Frequency Specific Resonance Concepts

   Credit for the initial development Frequency Specific Resonance was based on frequencies developed and clinically applied by Dr Harry VanGelder, an osteophathic physician who practiced in Canada and the US between 1947 and the early 1991’s. The frequencies clinically developed by Dr VanGelder were less than 1000 Hz (cycles per second) and applied via transcutaneous electrical nerve stimulation (TENS) skin electrodes. In the 1990’s, two chiropractic physician, Dr. Carolyn McMakin and Dr. George Douglas, started applying the frequencies developed by Dr VanGelder. This history is well documented on the www.frequencyspecific.com web site and Dr Carolyn McMakin’s two books; Frequency Specific Microcurrent Pain Management and The Resonance Effect. In January 1997, Dr McMakin started teaching seminars on the clinical application of specific frequencies via microcurrent TENS. Over the past 25 years thousands of health care practioners have been trained in the clinical application of Frequency Specific Microcurrent. Published controlled studies in the medical literature (PubMed search) are very limited to date. The majority of the clinical data is from clinical practice.

   The first fundamental hypothesis is that structural elements or biological tissues have specific resonant frequencies. The resonant frequency or frequencies of the structural elements and biological tissues were determined by practicing Clinicians based upon the patient’s clinical response. Once the structural elements and biological tissues/organs of interest were identified, the dysfunctional aspects of the identified tissue/organ system was determined. For example, if the patient presents with shoulder pain, the structural elements of the anatomical tissue and organ systems is determined i.e. the shoulder capsul and ligamentous structures, collagen structures, osseous structures, joint fluid, arterial and venous structures.

   The second fundamental hypothesis is that the functional attributes of tissue and organ systems have specific resonant frequencies. The resonant frequency or frequencies of the functional elements were determined by practicing clinicians based upon the patient’s clinical response. For example, the dysfunctional aspects of the functional elements of the anatomical tissue and/or organ systems is determined: inflammation, necrosis, sclerosis, calcification, infection, rupture, tears, hemorrhage and disruption of structural elements such as collagen, ligaments, and capsuls.

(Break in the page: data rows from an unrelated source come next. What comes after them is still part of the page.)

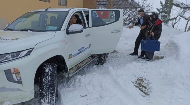 Malatya'da bir yandan kar küreme, yol açma ve tuzlama çalışması sürerken, diğer yandan Büyükşehir Belediyesi ekipleri, hasta ve mahsur kalan vatandaşların imdadına yetişiyor.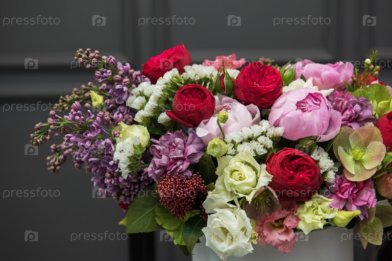 Букет из разных красивых цветов в круглой подарочной коробке на темном фоне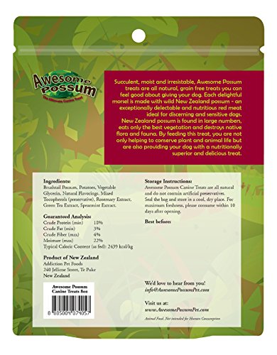 New Zealand possum is found in large numbers, eats only the best vegetation and destroys native flora and fauna. By feeding this treat, you are not only helping to conserve plant and animal life but are also providing your dog with a nutritionally superior and delicious treat.

Concepts of Frequency Files: Frequency Syntax

Frequency programs are constructed with the following concepts in mind:

  1. Individual frequencies are considered “Frequency Letters” of the “Frequency Alphabet”
  2. “Frequency Letters”, based upon structural and functional considerations, are combined to from “Frequency Words”
  3. “Frequency Words” are multiple frequencies that are generated at the same time and require at least one “Functional Letter” and one “Structural Letter”.
  4. “Frequency Words”, represent a set of frequencies that are generated at the same time for the same duration.
  5. “Frequency Words” are combined to compose “Frequency Sentences”
  6. “Frequency Sentences”, are “Frequency Words” played sequentially
  7. “Frequency Sentences” form the composition of “Frequency Files” targeting a specific structural dysfunction or imbalance.
  8. And finally a “Frequency Paragraph” is a series of “Frequency Sentences” that are generated sequentially; i.e. a series of sequentially generated frequency files.

   For a given patient, multiple Frequency Files are often required. Frequency Generators have the capability of generating magnetic, electric or electromagnetic frequency files sequentially or simultaneously.

In addition, resonant frequencies can be amplified by the following techniques:

   The frequency files applied by the Frequency Generators is determined based upon an understanding of the anatomy and structural elements of the tissues or organ system involved. The greater the accuracy in identifying structural tissues/organs and the dysfunctional aspects of the identified tissue/organ system the better the clinical outcome.

In brief summary for a treatment protocol to be clinically effective the following elements had to be correctly identified:

  1. Identification of the Structural Elements involved;
  2. Identification of the Functional/Dysfunctional Elements involved;
  3. Treatment protocol requiring identification of the treatment field, treatment duration of the structural and dysfunctional elements.